Su bisabuela era musulmana. Wilders prometía hasta hace pocos meses sacar a Holanda de la Unión Europea, a la que define como un “Estado nazi”, y mantener el crecimiento económico –del 2,3 por ciento en el 2016 y desempleo ahora mismo del 5,4 por ciento–, pero no explica su receta económica, y su país depende principalmente de sus exportaciones a sus socios europeos.

Sus ciudadanos no parecen pensar que salir de la UE sea una buena idea. Según datos del último Eurobarómetro de la Comisión Europea, el 78 por ciento de los holandeses quieren seguir en el bloque y en el euro.
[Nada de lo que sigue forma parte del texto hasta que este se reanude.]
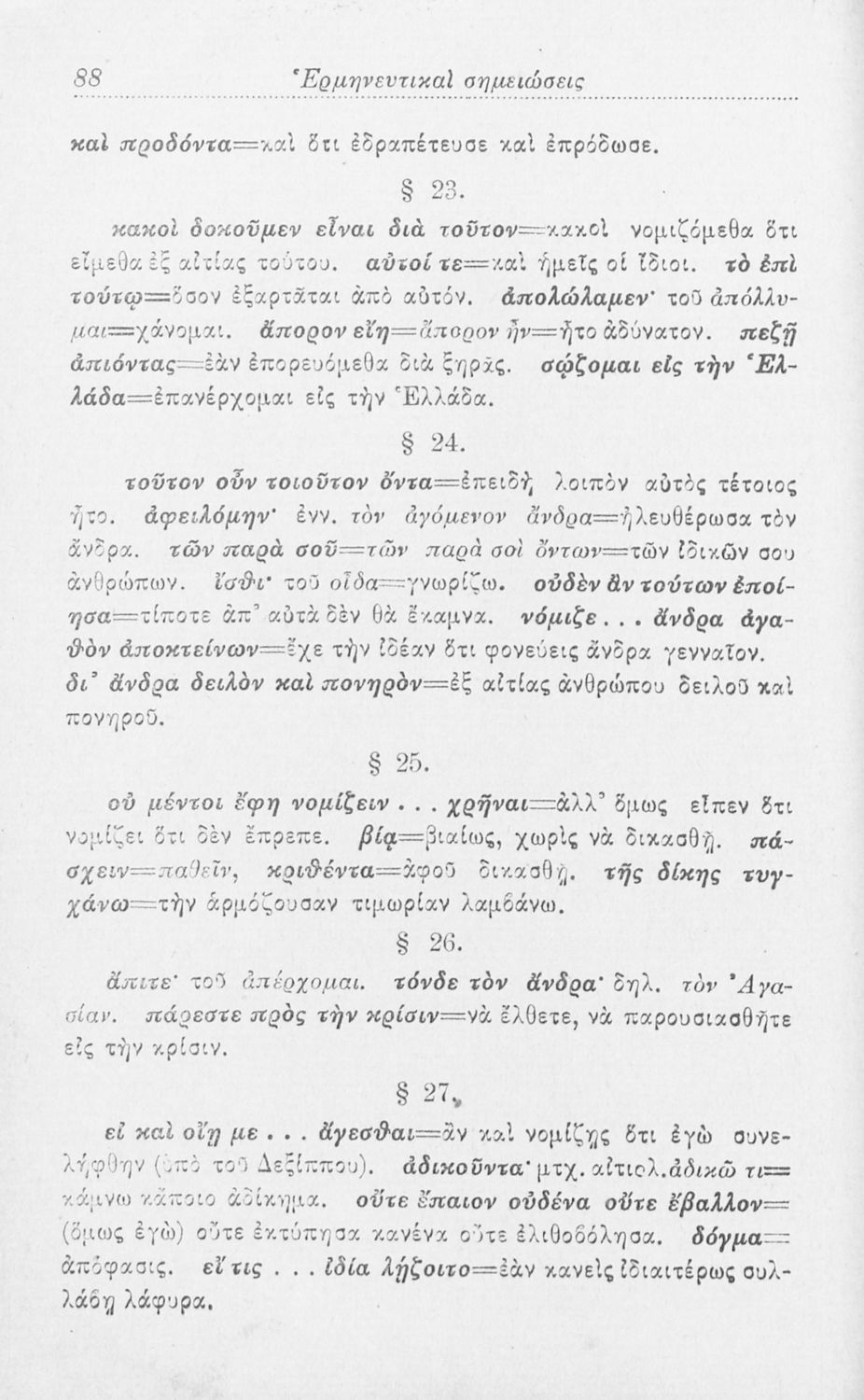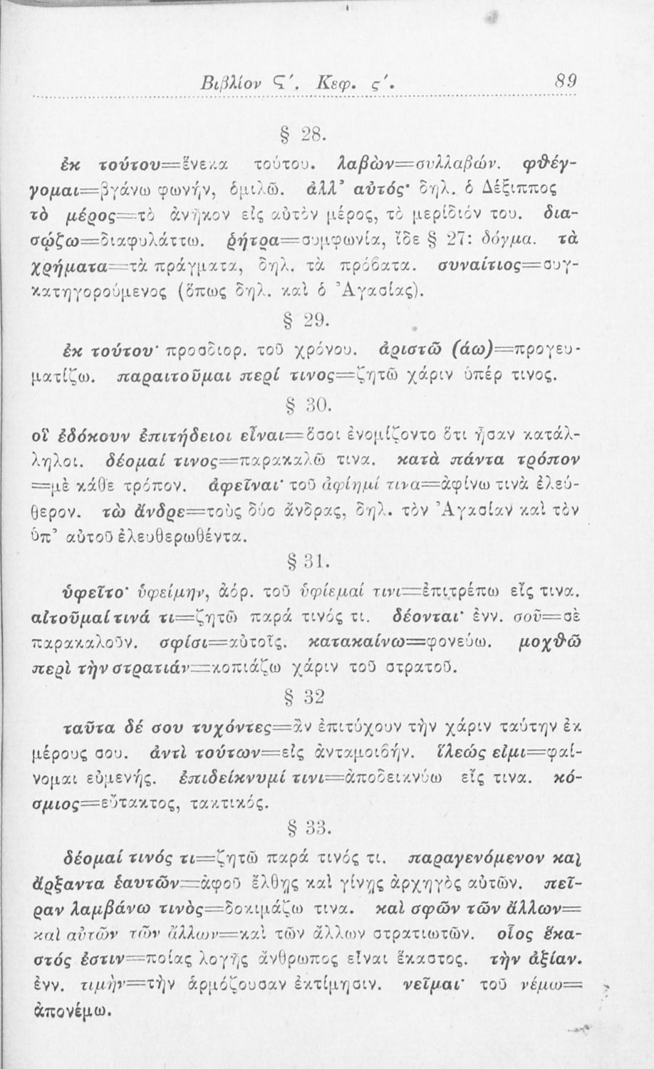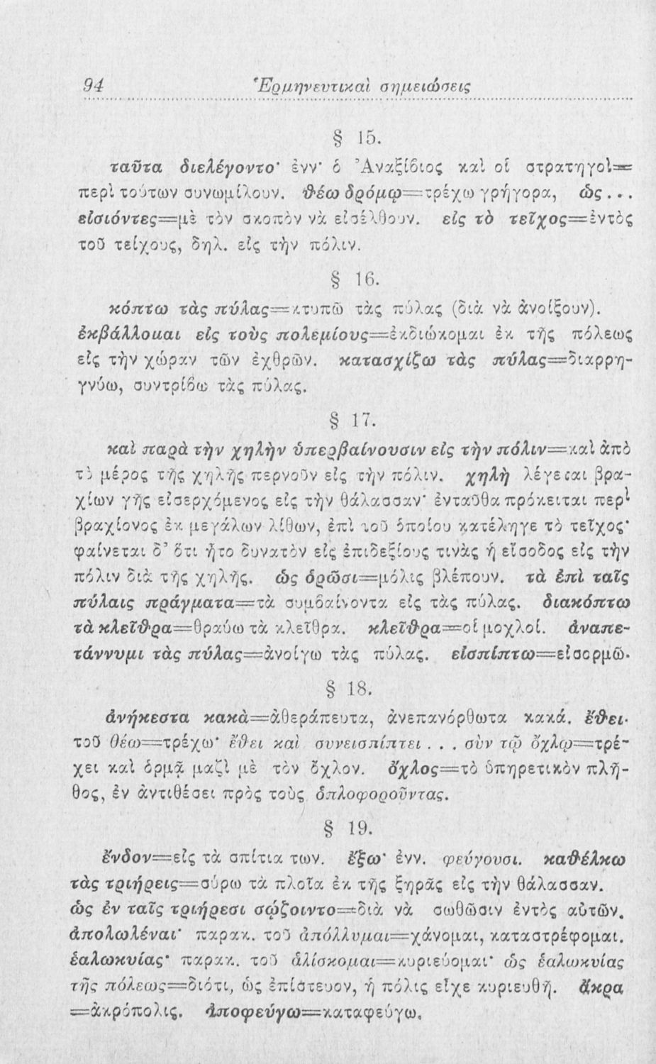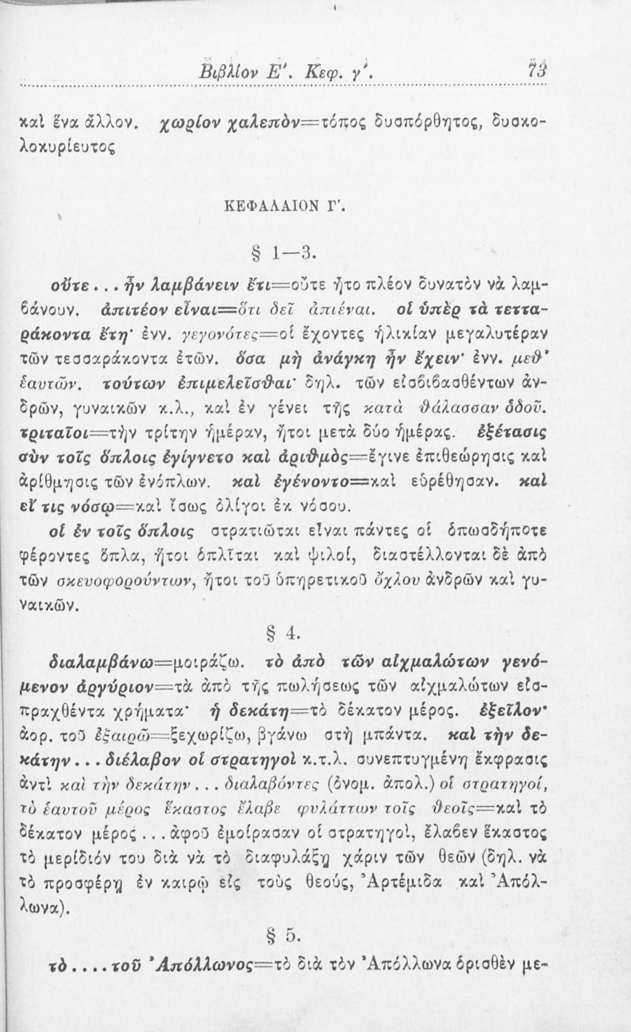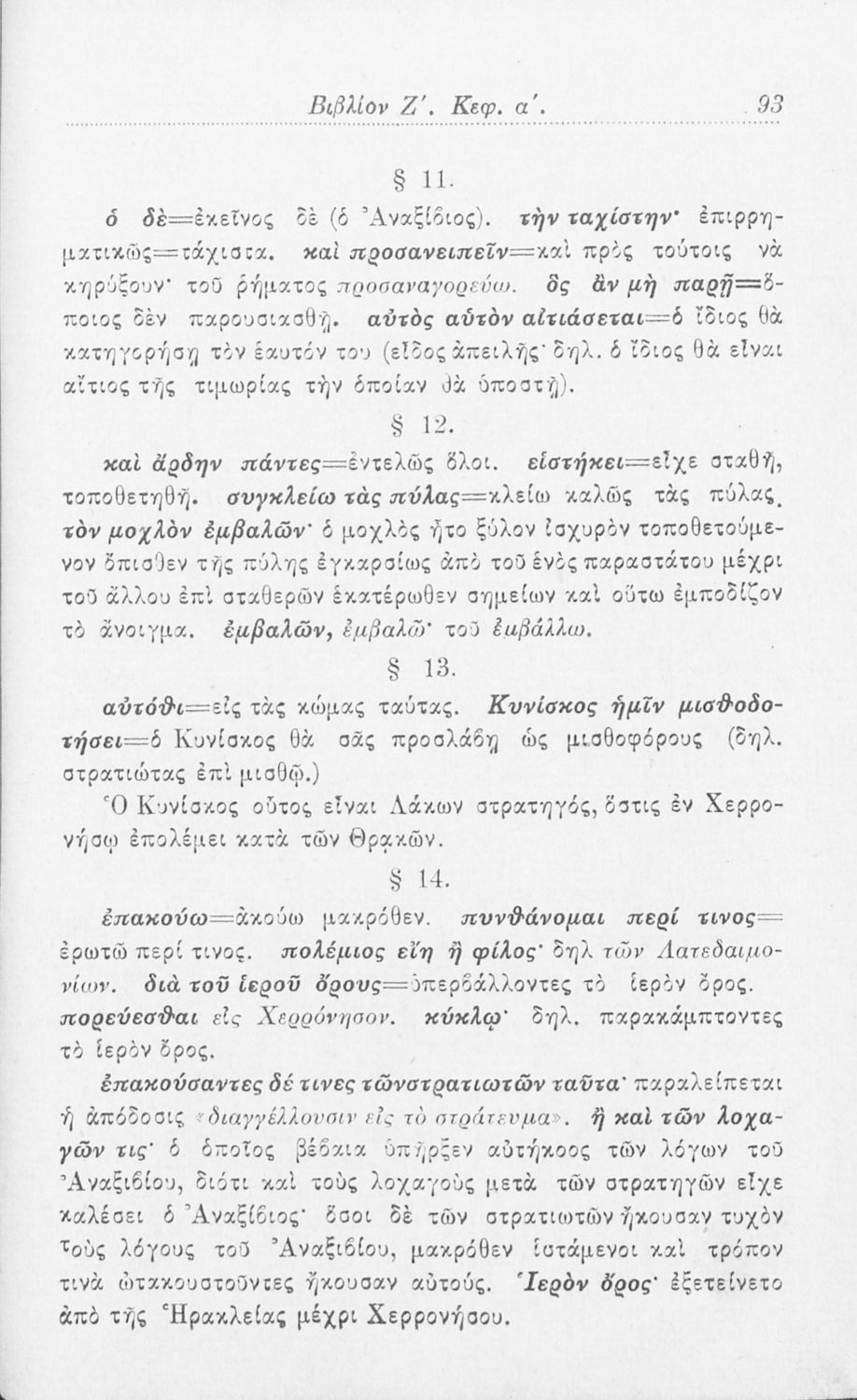 Σχολικό εγχειρίδιο Αρχαίων Ελληνικών Γ' Ελληνικού Σχολείου που περιλαμβάνει γραμματική της αρχαίας ελληνικής, αποσπάσματα από το έργο του Ξενοφώντα Ελληνικά και τα έργα του Λουκιανού Ενύπνιον και Ανάχαρσις, ...

Wilders, de 53 años y pelo rubio oxigenado, es la cara visible de la ultraderecha holandesa, un xenófobo que llama “chusma” a los inmigrantes de origen marroquí y que en diciembre fue condenado –sin pena de prisión ni multa– por incitación al odio racial.

El ultraderechista, que acudió a recibir las bendiciones de Trump en la convención del Partido Republicano estadounidense que oficializó la candidatura del empresario de Nueva York, no tiene residencia fija desde el 2004 y usa chaleco antibalas porque recibió amenazas de muerte.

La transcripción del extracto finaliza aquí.